Je n’aime pas non plus la catharsis ni la projection. Des tas de gens se « rassemblent individuellement » dans une salle obscure pour regarder Brad Pitt séduire une femme qu’ils n’auront jamais. Cette illusion réconfortante, qui pendant deux heures fait chaud au cœur, a l’inconvénient de permettre aux gens de « tenir » dans la situation aliénée où ils sont dans le réel – celle par exemple d’être seuls depuis des mois ou d’avoir dans leur vie une femme bien différente de celle qu’ils ont dans la tête.

Je suis un occidental démuni favorable à un retour à des conditions de vie primitives. Il existe une cérémonie pygmée qui s’appelle la Cérémonie du bobé. Je ne sais pas trop de quoi elle parle. Mais je sais de quoi elle est faite. C’est « tout le monde » qui la joue et la chante. C’est dans la forêt qui est le lieu de vie qu’on la met en scène. Ce n’est pas un spectacle, dans notre sens, parce que si tout le monde se voit et s’entend, chacun est aussi vu et entendu, personne n’est muet cantonné à l’ombre comme dans nos salles.

Warhol a parlé du quart d’heure de gloire que chacun connaîtrait. Je déteste Warhol, et encore plus cette idée. Qu’a-t-on besoin de la gloire, sauf dans une société inhumaine où l’existence de chacun est quantité négligeable ? Qu’a-t-on besoin de l’amour des foules, si l’on a l’amour de sa vie ? Cette idée ne consiste qu’à entériner la situation d’anonymat à laquelle nous sommes tenus dans une société de stars.

Voilà quelques raisons pour lesquelles j’ai pris le parti de tout attaquer : le public, le lieu, le micro, l’invité (je me suis montré sous mon mauvais jour, c’est honnête, non ?), le pas invité, le commanditaire. J’ai d’ailleurs oublié le technicien – réparant ce lapsus en lui faisant recommencer trois fois – spontanément.

J’ai surtout oublié (en fait, je n’avais pas la place) de m’en prendre à ces foutues chaises, véritable instrument de torture pour guider le corps, placer le corps, discipliner le corps, mettre en série les corps, les stocker de manière rationnelle, pré-contrôlée.

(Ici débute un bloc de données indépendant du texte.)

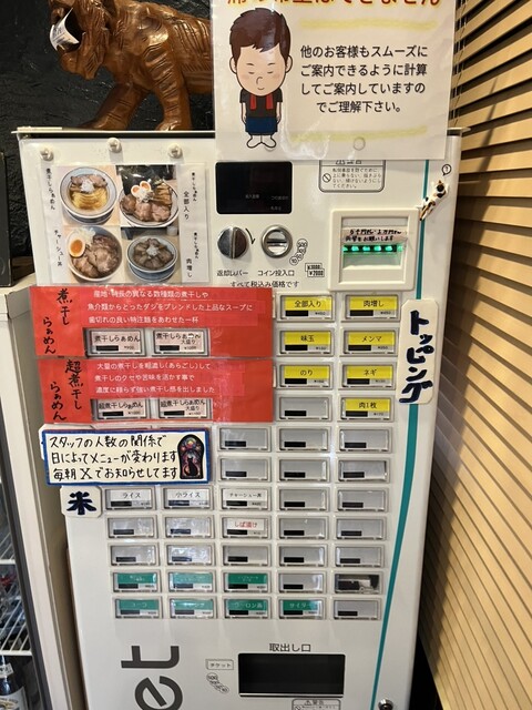 土曜日11時過ぎに訪問。待ちは無いけど案内されるまで外でお待ち下さいとの事で待機。すぐにホール担当の女性から食券をお求め下さいと言われ入店。煮干ラーメンをポチり食券を渡して案内されたカウンター席に着席しました。
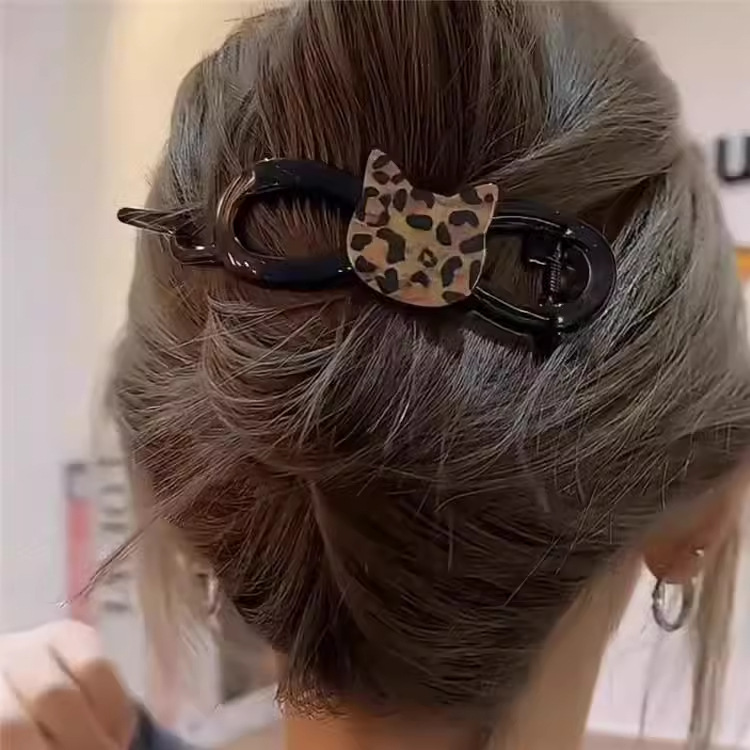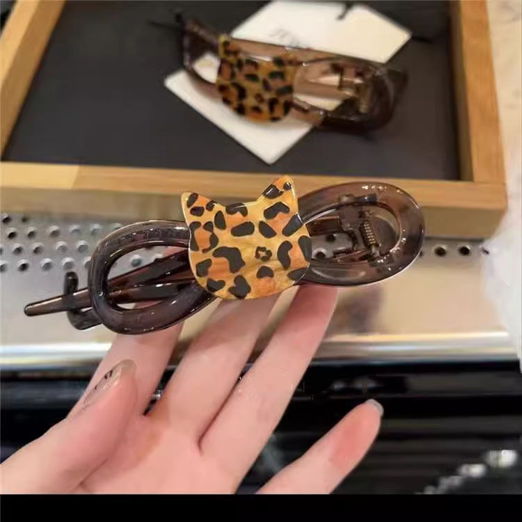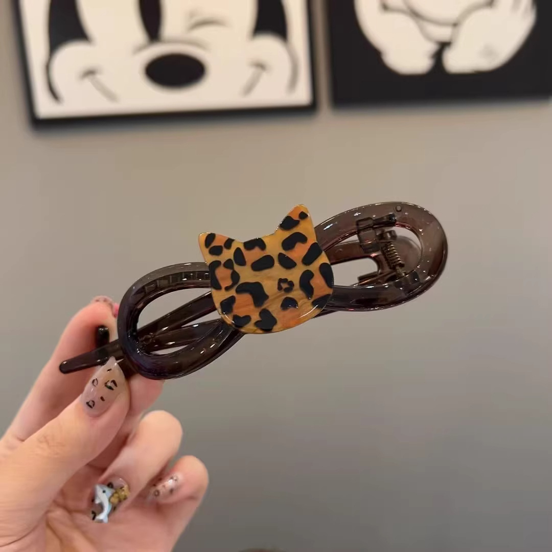귀엽고 귀여운 레오파드 고양이 트위스트 클립 하이 센스 헤드 클립 여성용 헤어 트렌디 올매치 헤드웨어
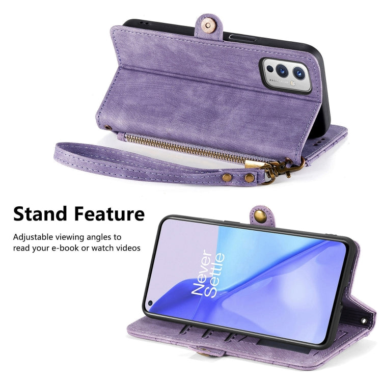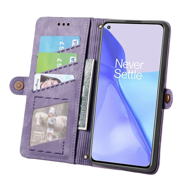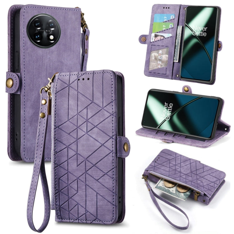 For OnePlus 11 Geometric Zipper Wallet Side Buckle Leather Phone Case(Purple)
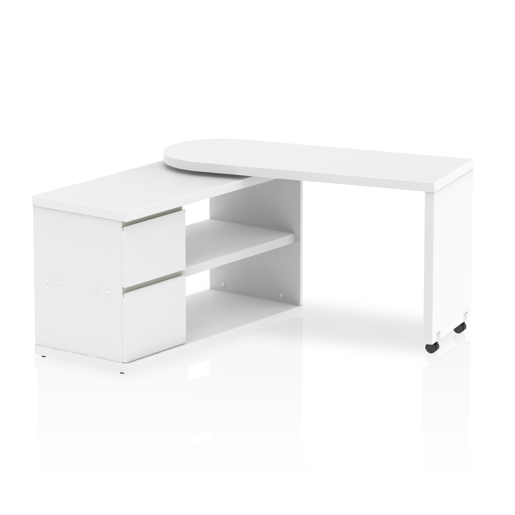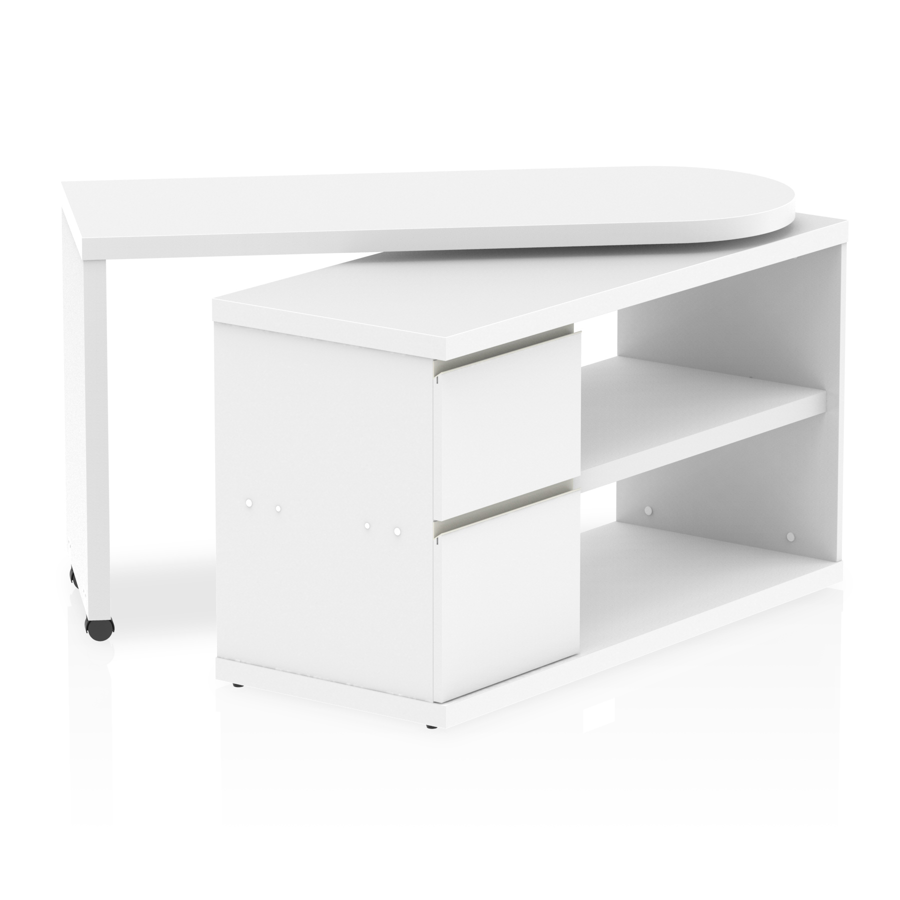 • Comprehensive, all-in-one desk and storage system • Desk top easily and conveniently stows away over shelves when not in use • 360 ° rotating, castor mounted desktop • Dual extra large drawers • Two fixed shelves • Substantial 40mm thick desktop • Can be assembled either Left or Right handed formations • Foolscap filing rails on bottom drawer • Available in Grey Oak or White finishes • Weight Capacity: Desk – 100Kg; Drawers & Shelves – 15Kg
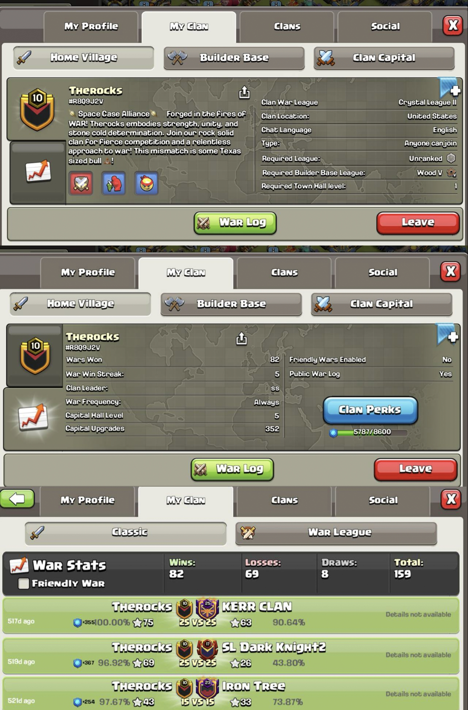 ✨thug life coc✨lvl 12✨pure English name✨green positive warlog✨Crystal leauge clan ✨259 wins 196 loses✨
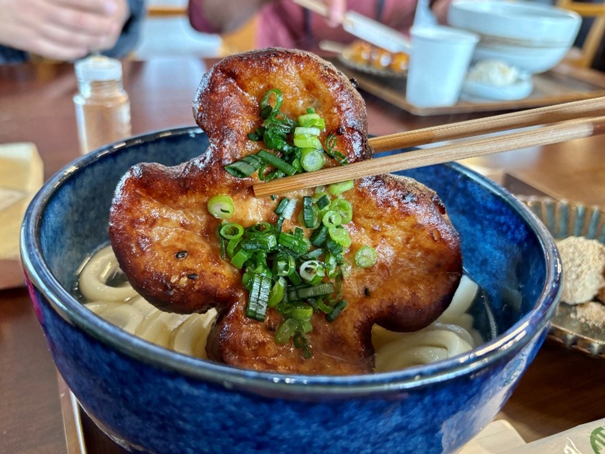 実際に食べてみると、甘いだしがうどんにマッチ!感覚はきつねうどんに似ていますが、がんもどきならではの豊かな食感と、炙ることによる香ばしさがとても美味しい。ペロッと食べてしまいました。
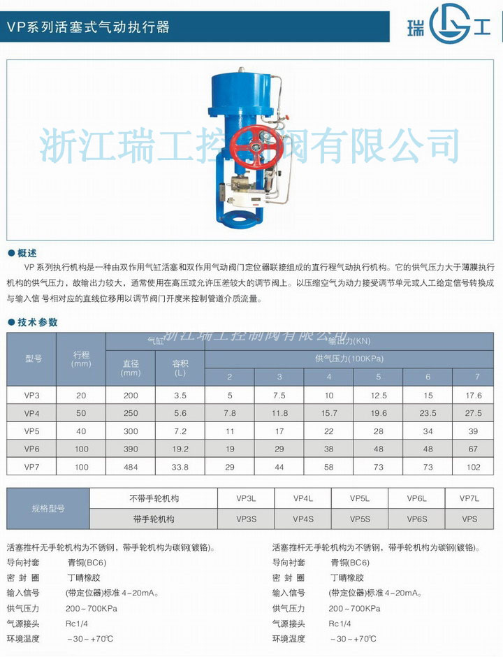 VP系列活塞式氣動執行器
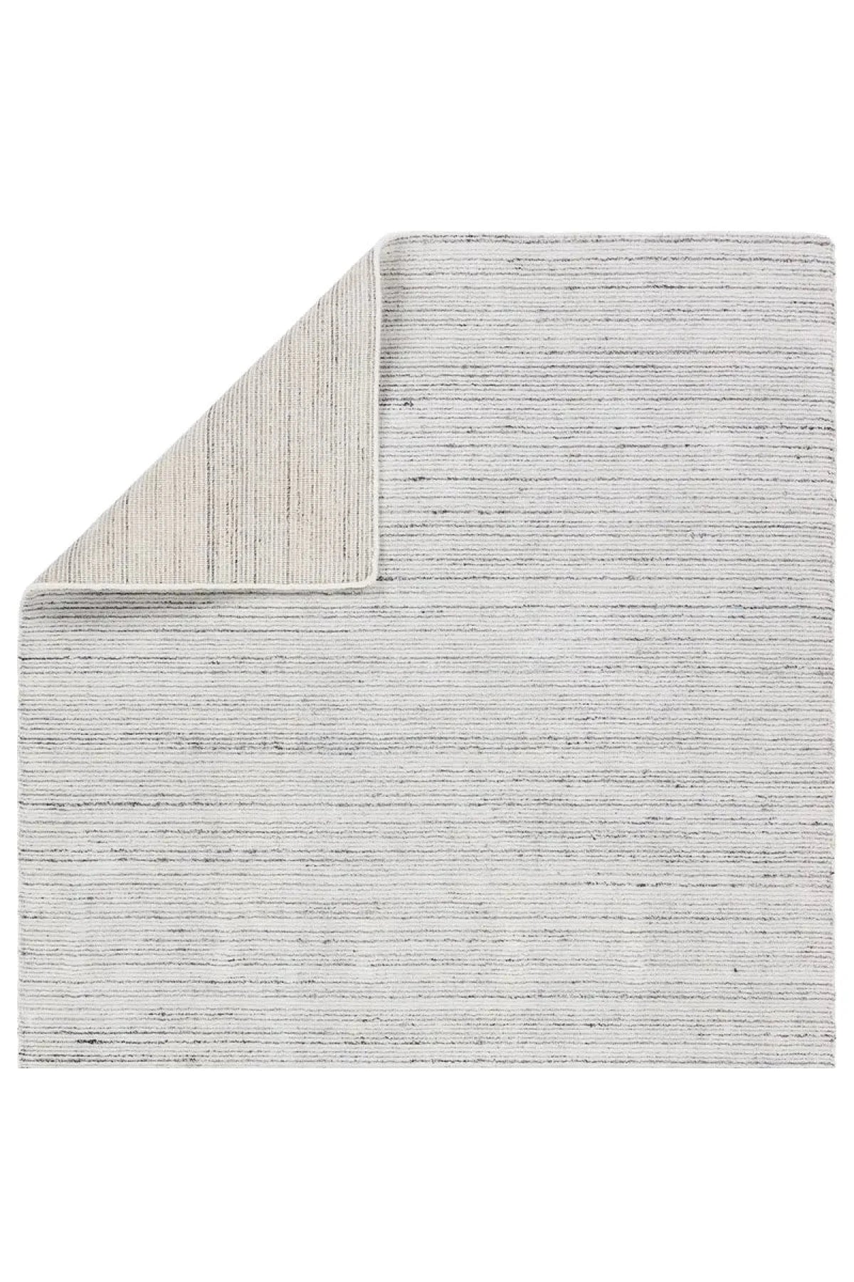 The Aiya rug showcases a subtly striped design in a cream and light gray colorway and includes hints of black. The cut and looped polyester pile creates texture and an easy-care accent piece that thrives both indoors and out.

Les spectacles, souvent, parlent du corps, montrent un corps mal à l’aise, un corps qui dit son malaise. Quelle ironie, que les structures mêmes de l’énonciation contredisent l’esprit du message !

Le pire, c’est les spectacles de danse, où par définition, la liberté d’un seul sera hurlante devant la raideur de mille autres.